In other words, the entire discussion about the precise limitations to the jurisdiction of the CJEU relates to the intention of the drafters of the Treaties. Did they intend to retain an separate constitutional status for the CFSP, which is shielded from judicial review by the EU courts with certain exceptions as defined in Article 24 (1) TEU and 275 (2) TFEU, or did they essentially aim to exclude CJEU jurisdiction in view of the highly political nature of CFSP decisions? The latter approach largely corresponds with the established practice at the national level of EU Member States where foreign policy decisions traditionally escape judicial review. This is the view defended by AG Hogan in his opinion to the Bank Refah Kargaran judgment when he points at the intention to exclude CJEU jurisdiction for CFSP decisions that are in essence of a purely political nature without excluding particular types of foreign policy decisions that can be the subject of judicial review. A largely similar approach was previously developed by AG Bobek in SatCen v. KF when he observed that “the fact that an act is formally based on CFSP provisions or adopted in that context simply is not enough to trigger the CFSP derogation. The act must also have genuine CFSP content.”(§79).
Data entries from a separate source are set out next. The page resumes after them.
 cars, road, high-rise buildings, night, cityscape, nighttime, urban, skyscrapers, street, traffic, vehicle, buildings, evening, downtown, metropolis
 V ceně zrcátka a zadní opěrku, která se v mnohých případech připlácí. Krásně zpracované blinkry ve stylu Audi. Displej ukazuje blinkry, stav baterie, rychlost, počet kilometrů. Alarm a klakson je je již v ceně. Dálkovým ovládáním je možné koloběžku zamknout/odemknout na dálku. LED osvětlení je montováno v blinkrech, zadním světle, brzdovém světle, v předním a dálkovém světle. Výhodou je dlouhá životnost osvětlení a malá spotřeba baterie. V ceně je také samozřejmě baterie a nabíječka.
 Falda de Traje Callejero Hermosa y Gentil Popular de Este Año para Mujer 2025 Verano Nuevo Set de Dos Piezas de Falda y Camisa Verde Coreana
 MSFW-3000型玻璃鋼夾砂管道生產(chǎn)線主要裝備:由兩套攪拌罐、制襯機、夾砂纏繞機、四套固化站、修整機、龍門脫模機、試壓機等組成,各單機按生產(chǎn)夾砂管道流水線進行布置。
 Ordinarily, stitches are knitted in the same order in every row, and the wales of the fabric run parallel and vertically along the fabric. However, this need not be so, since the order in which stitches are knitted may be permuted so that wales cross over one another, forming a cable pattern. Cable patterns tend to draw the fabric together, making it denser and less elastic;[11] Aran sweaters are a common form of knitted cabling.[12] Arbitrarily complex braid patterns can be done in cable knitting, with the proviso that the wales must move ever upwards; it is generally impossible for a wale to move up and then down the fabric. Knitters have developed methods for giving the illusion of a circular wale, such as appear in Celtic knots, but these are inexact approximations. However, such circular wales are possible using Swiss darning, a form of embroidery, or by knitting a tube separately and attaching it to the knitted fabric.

The Court judgment in Bank Refah Kargaran again confirms that not the form of a measure is decisive to determine its jurisdiction. As observed by AG Hogan and expressly upheld by the Court (§39), such a formalistic approach would lead to indefensible anomalies in a Union based on the rule of law. The case at stake concerned the specific situation of CFSP decisions pertaining to restrictive measures. For such acts, an action for damages is possible with respect to measures adopted under Article 215 TFEU and it would be rather artificial if this option would then be precluded with respect to the underlying CFSP decision based on Article 29 TEU.
Although the current case constitutes a significant clarification in an increasingly momentous strand of case law on CJEU jurisdiction in CFSP, a number of questions remain unresolved in this jurisdictional enigma, and not in the least the larger implications of the current judgment. While on the one hand, it could be argued that by building upon the reasoning adopted in Rosneft and the underlying principles of the rule of law and the right to an effective remedy, the Court has opened the door to significantly more jurisdiction in the realm of CFSP, it could also be argued on the other hand, that the implications of the current judgment are in fact, relatively limited.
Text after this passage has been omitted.